You then multiply by thermal conductivity (no units specified), so your result makes sense (17.75, not 17/74; obvious typo, no problem there).
= 17/74
(B): H=(0.80)(12)(20+8/12.45)
= 1.6(2.25)
= 3.6
17.74+3.6= 21.34
very similar calculation but unsure what the goal of the problem is
112:
(A):Temperature of Junction Point?
Hcopper=KcA(100C-T)/Lc
Hsteel= KsA(100C-T)/Ls
Hbrass= KbA(100C-t)/Lb
not sure whether this is a parallel or series junction; if parallel then the common end temperatures 100 C and T make sense; if not you need unknowns for the intermediate temperatures, and you'll get some simultaneous equations
=(385)(100-T)/0.130=(50.2)(T-0)/0.240=(109)(T-0)/0.18
=38500-385T/0.130=50.2/0.240=(109)(T-0)/0.180
=38500-385T/0.130=50.2T+385T-109.0T/0.240=0.180
= 29615.4=326.2T=0.180
=29615.22/326.2=91 degrees C
(B)Heat Current in each rod?
Hc=(385)(100-91)/0.130= 3465/0.130= 26,652.8
Hs=(50.2)(91-0)/(0.240)=4568.2/0.240=19034.2
Hb=(109)(91-0)/0.18= 9919/0.180= 55,105.6"

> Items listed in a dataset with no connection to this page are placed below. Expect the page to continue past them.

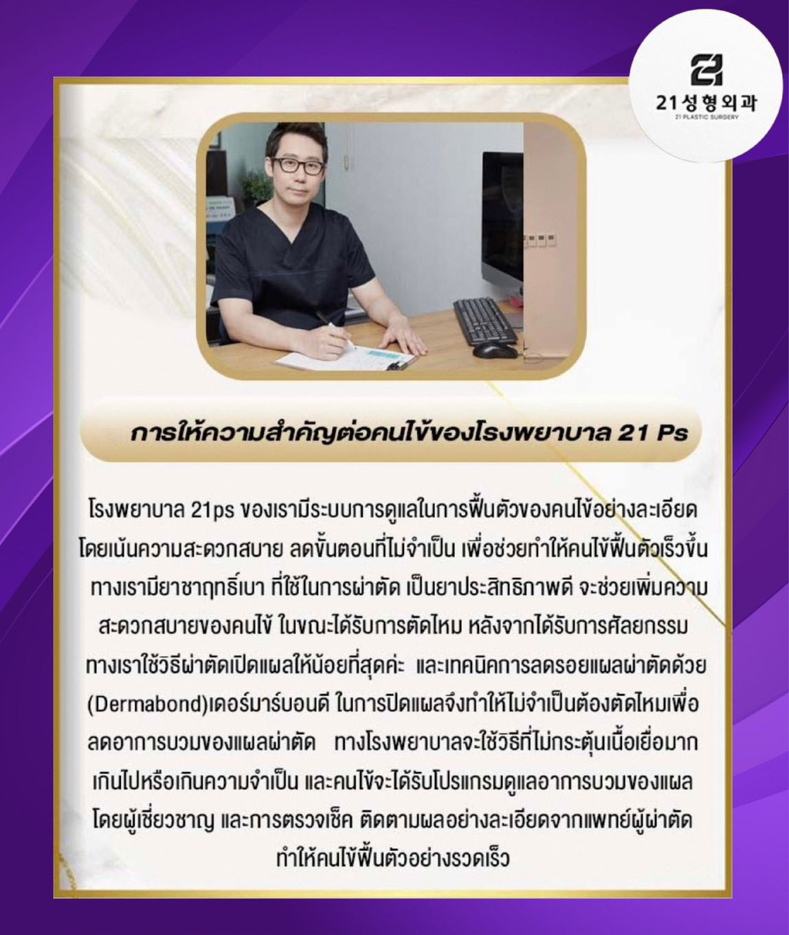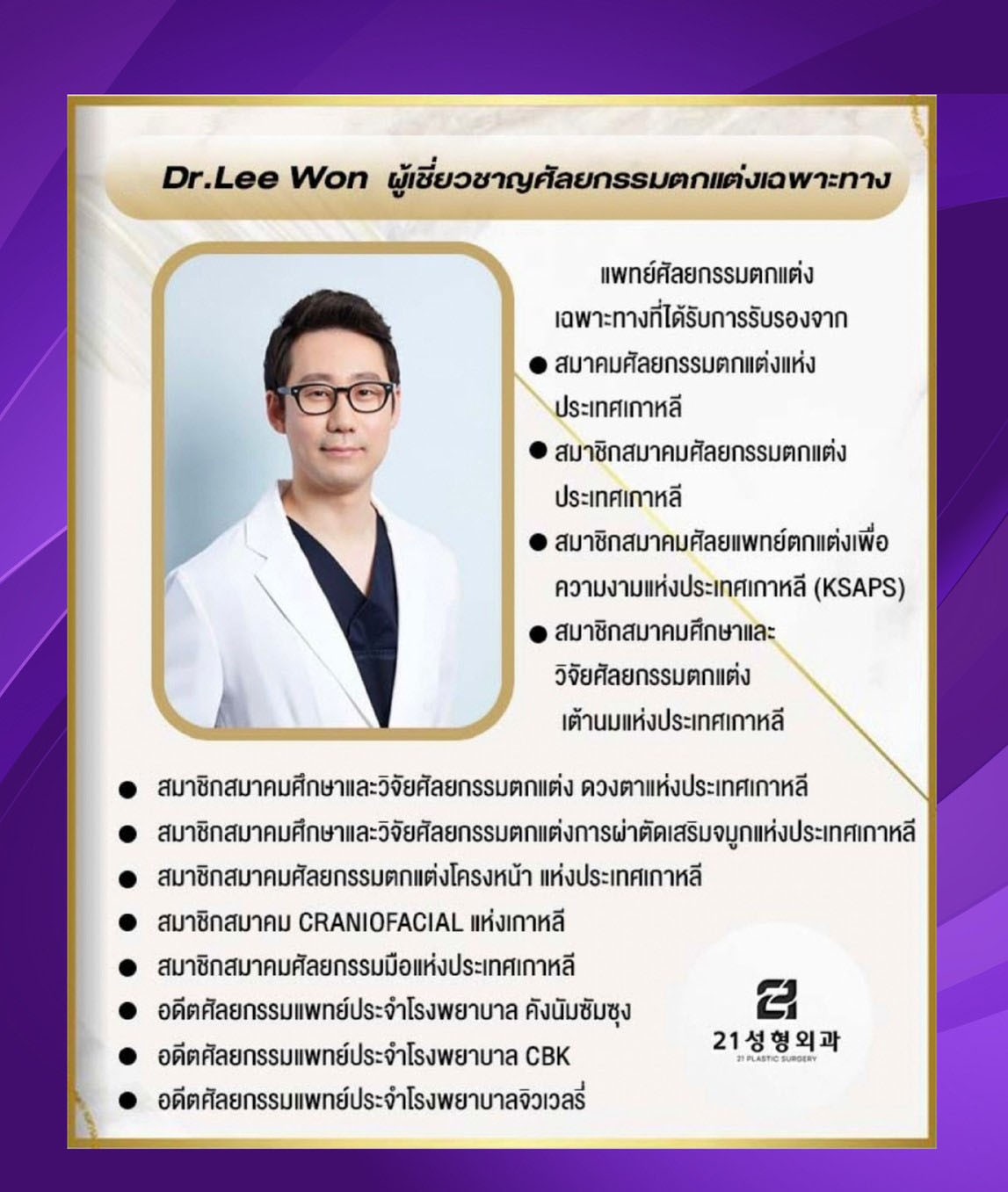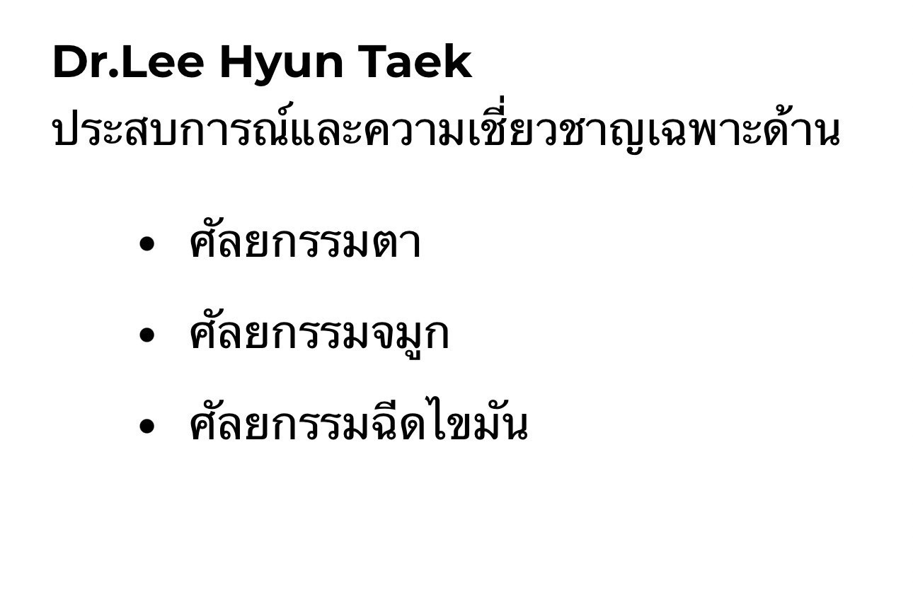 - เชี่ยวชาญ ศัลยกรรมโครงหน้า / ศัลยกรรมตา / ศัลยกรรมจมูก / ฉีดไขมัน / โบท็อกซ์ / ฟีลเลอร์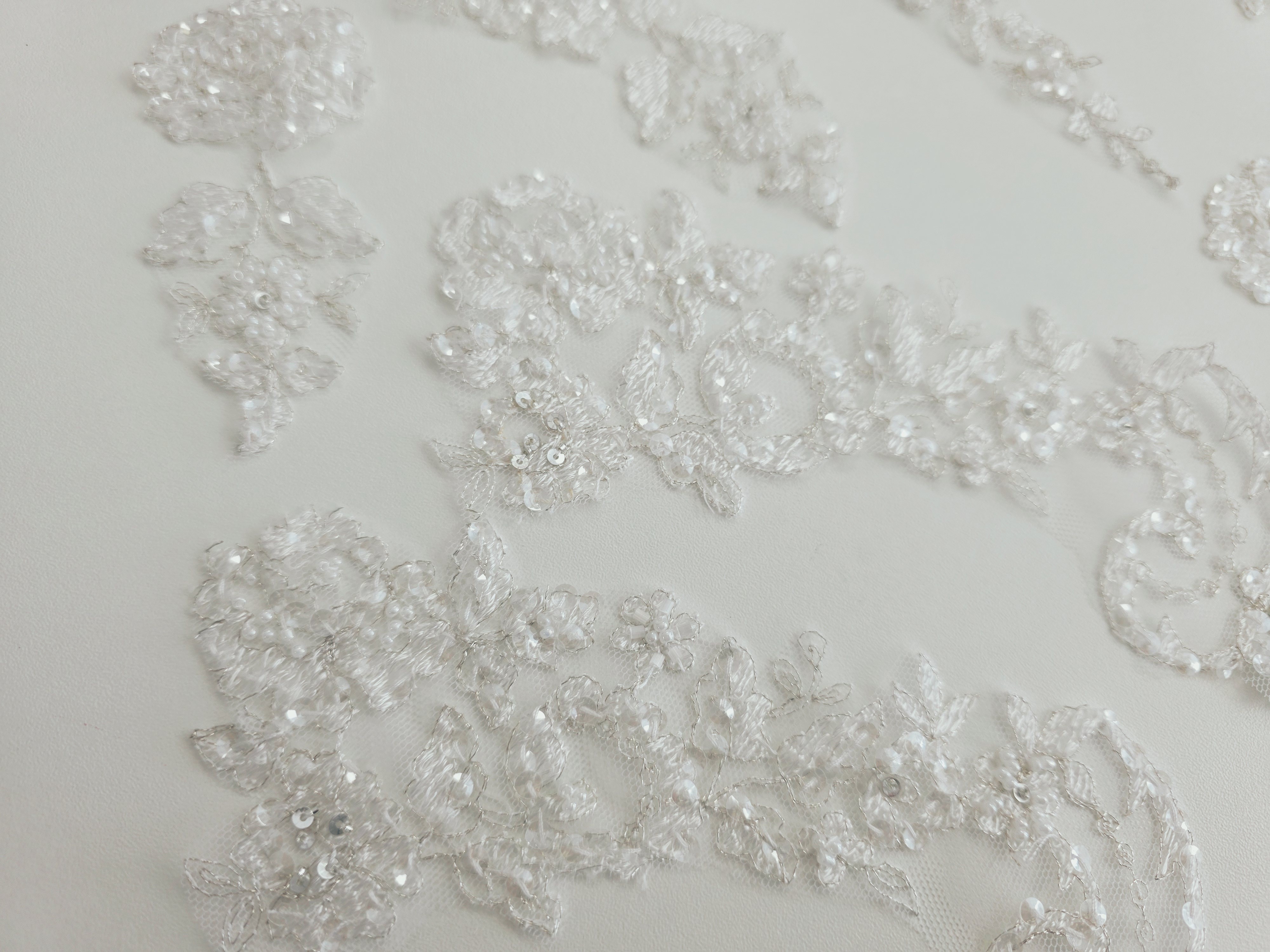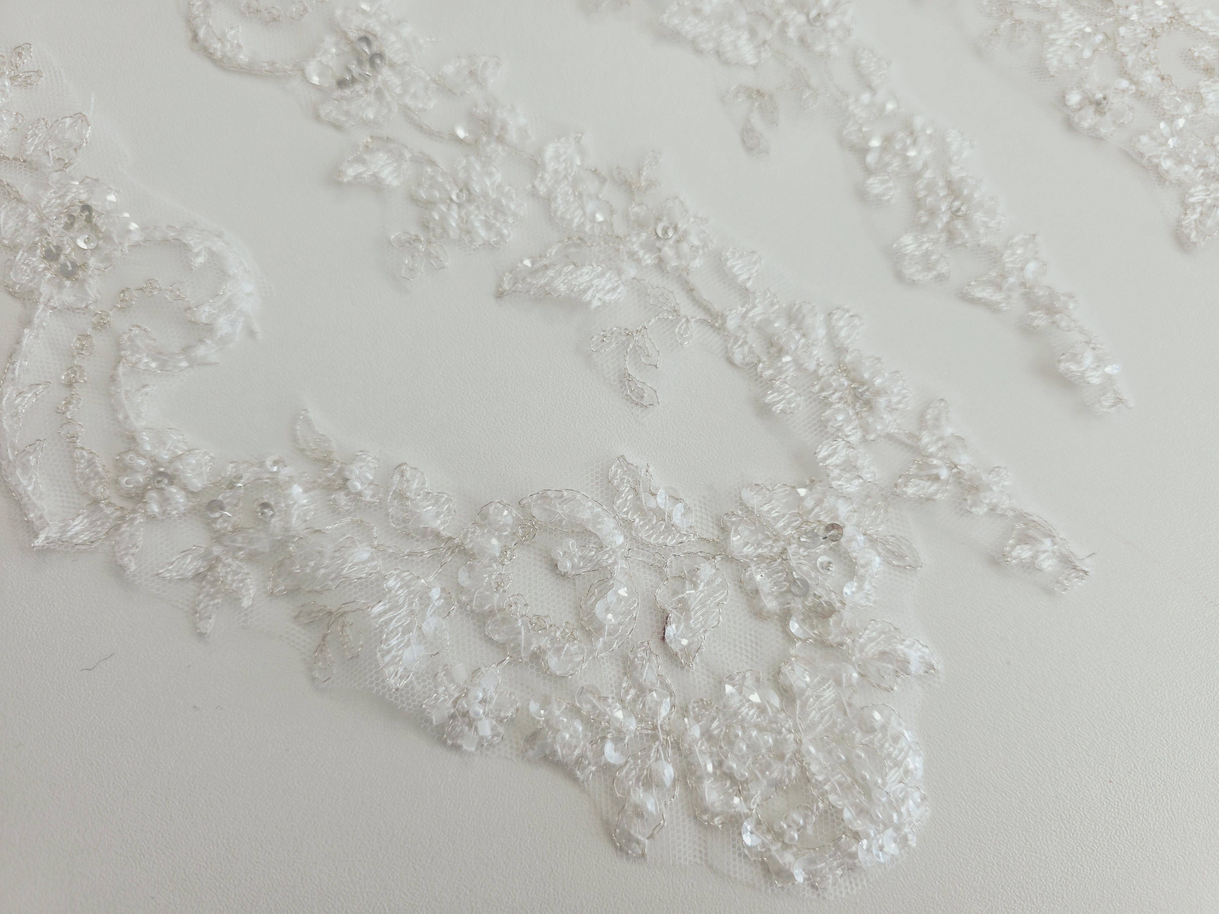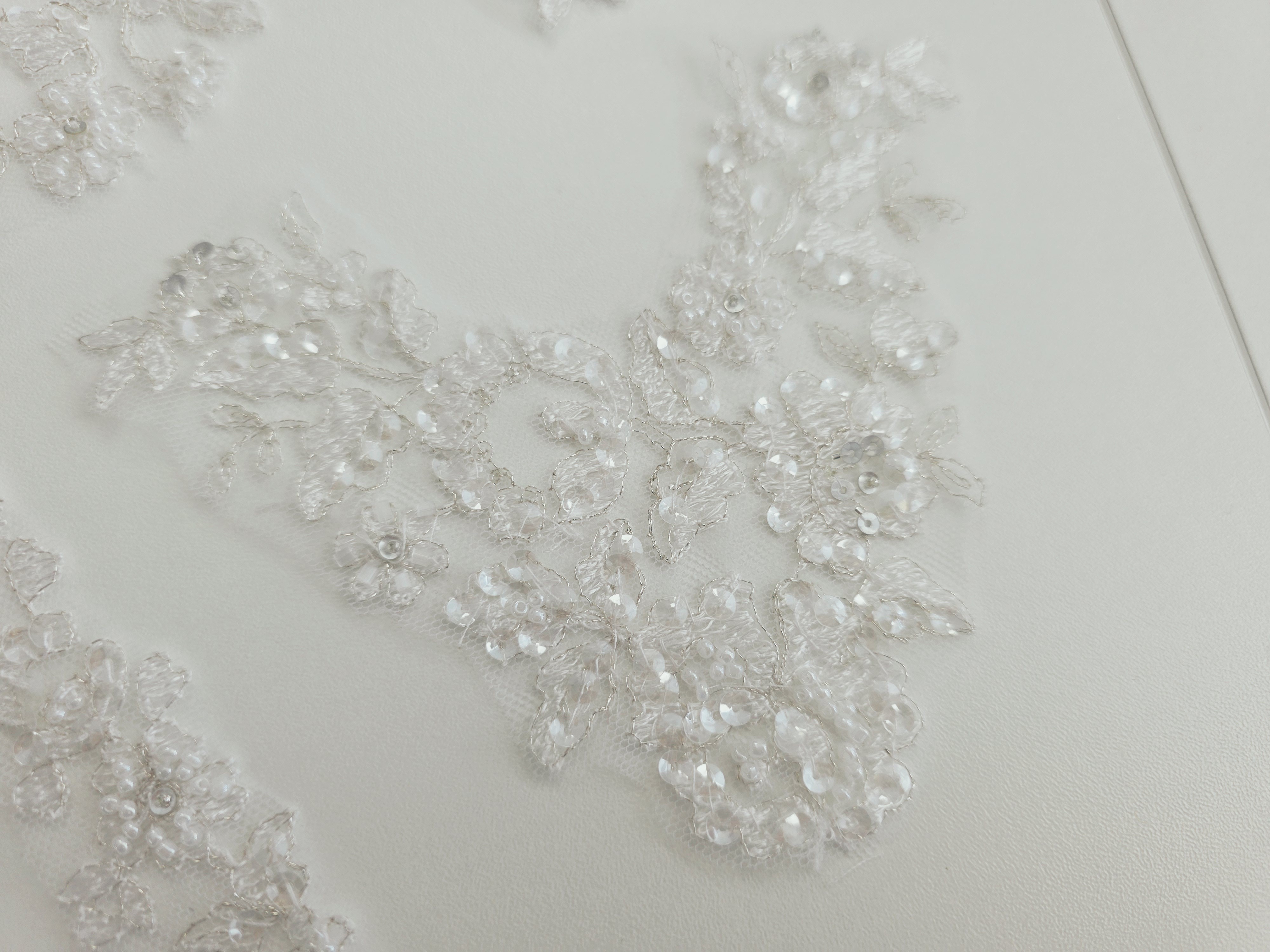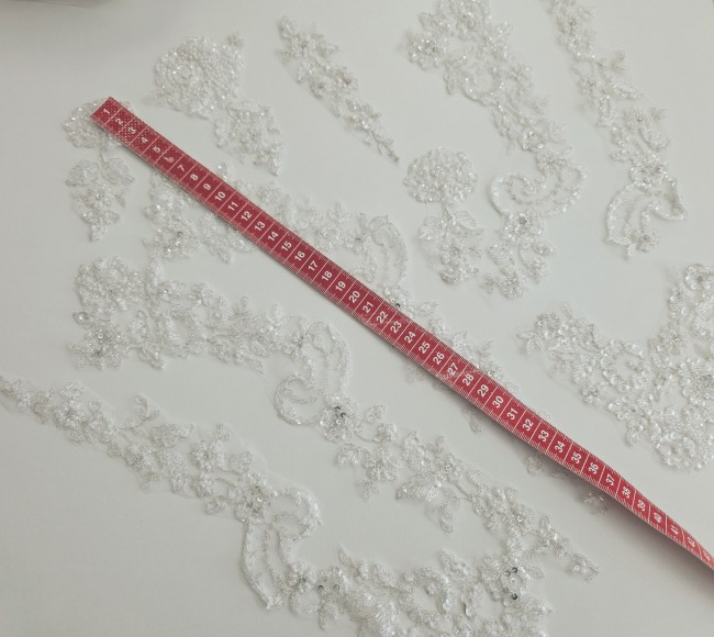 Fournitures pour coudre une robe de mariée. Dentelle, tissus, appliqués, galons, boutons. Robes et accessoires pour la mariée.
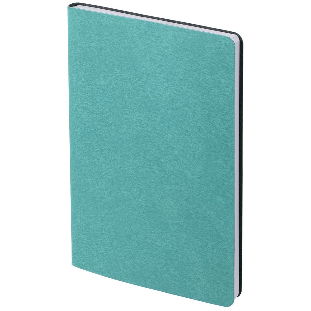 Ежедневник с гибкой обложкой, выполнен из материала Latte, бирюзовый, дополнен ляссе в цвет обложки.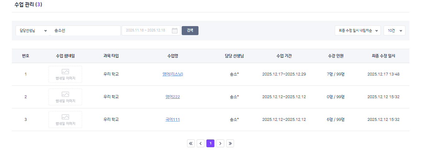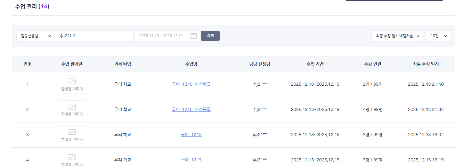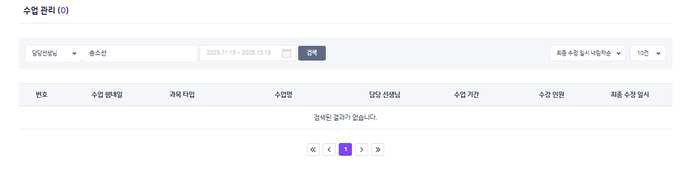 | Description | 나의 수업 관리 > 수업 관리 > 담당선생님 검색 1. 부분 검색 : 안됨 2. 전체 검색 : 안됨 | ||||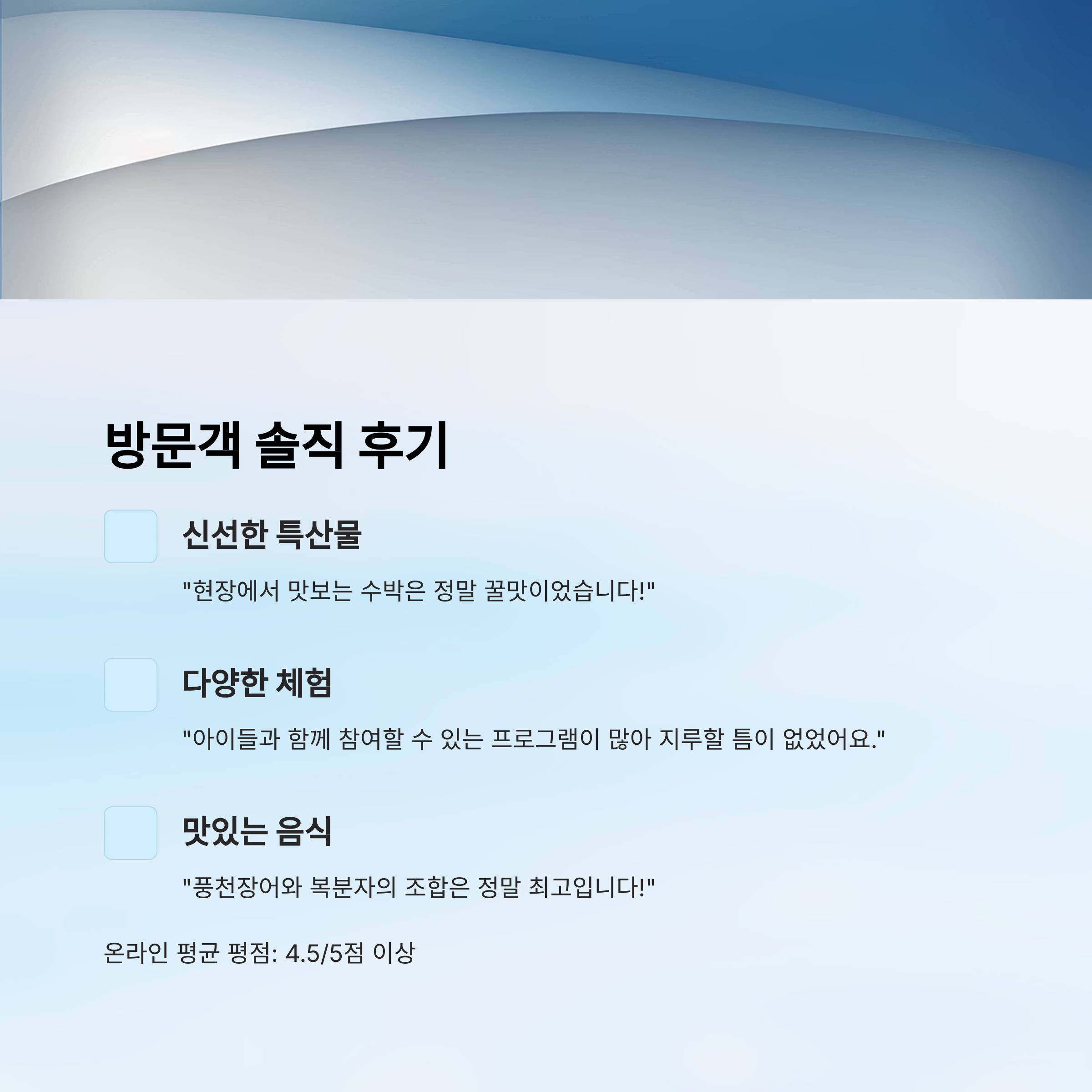 - 높은 방문객 만족도: 신선한 특산물, 풍성한 먹거리, 다양한 체험 등으로 방문객들의 긍정적인 후기가 많습니다.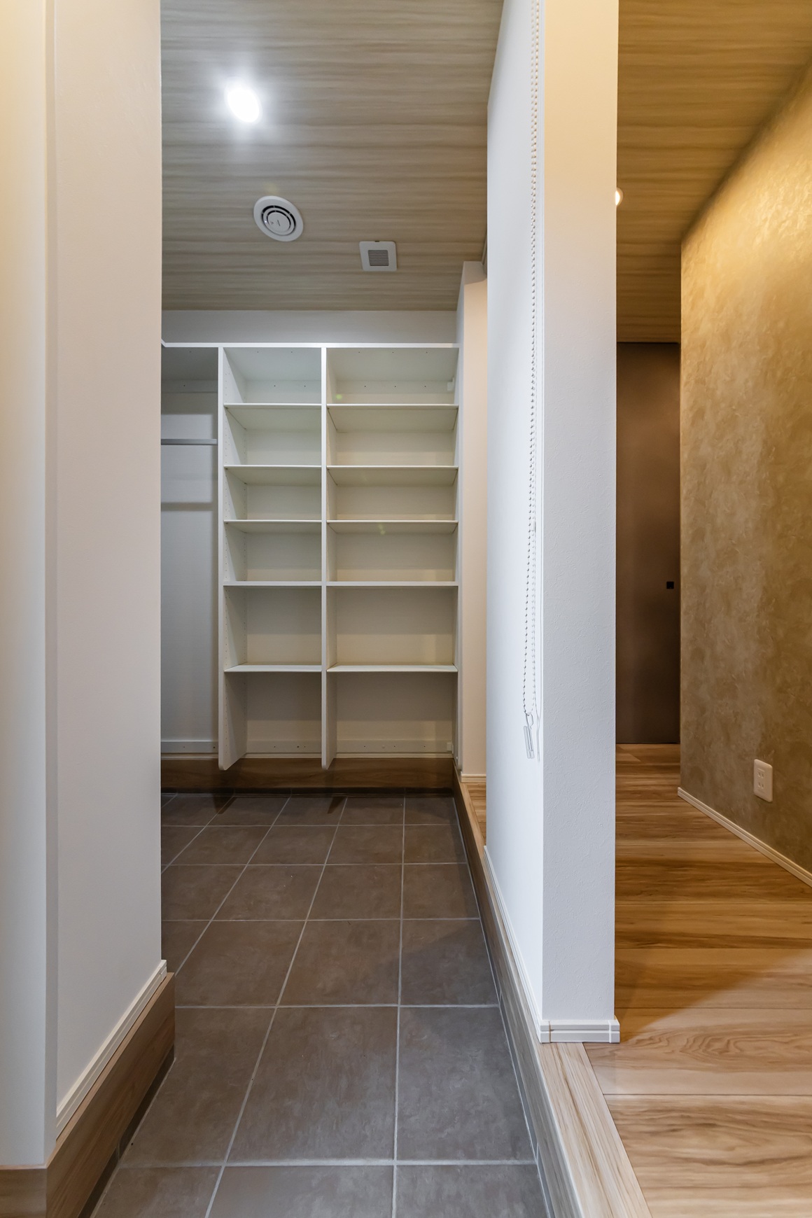 入ってすぐに広がる清潔感と落ち着きのある空間が、住まいの第一印象をやさしく演出します。玄関横には、土間続きの大容量シューズクロークを完備。

You have the right relationships here, but the setup and the goal of the problem is unclear. If you can clarify I can comment further.
Your work looks pretty good. It certainly appears that you're up to the level of this course, and you're communicating a lot of good information.
I don't carry a copy of the text around, and unfortunately don't have electronic copies of the problem statements (which would be easier for both of us). So I've reverse-engineered your solutions as best I could from the information you've provided.
This should give you a good idea of what I need to see when you submit work of this nature. You're telling me 90% of what I need to know, and it should be easy to insert the rest.
I'll look over the other questions you've sent, but won't have time to reverse-engineer all of them (the 20 minutes I spent doing so on this assignment is the most fun I've had today, and I mean that seriously, but other students are waiting), so when they're posted at your access page later this evening it will usually be with a note asking you to insert a little more information and resubmit. I will however comment if I see any place where you clearly seem to be off track.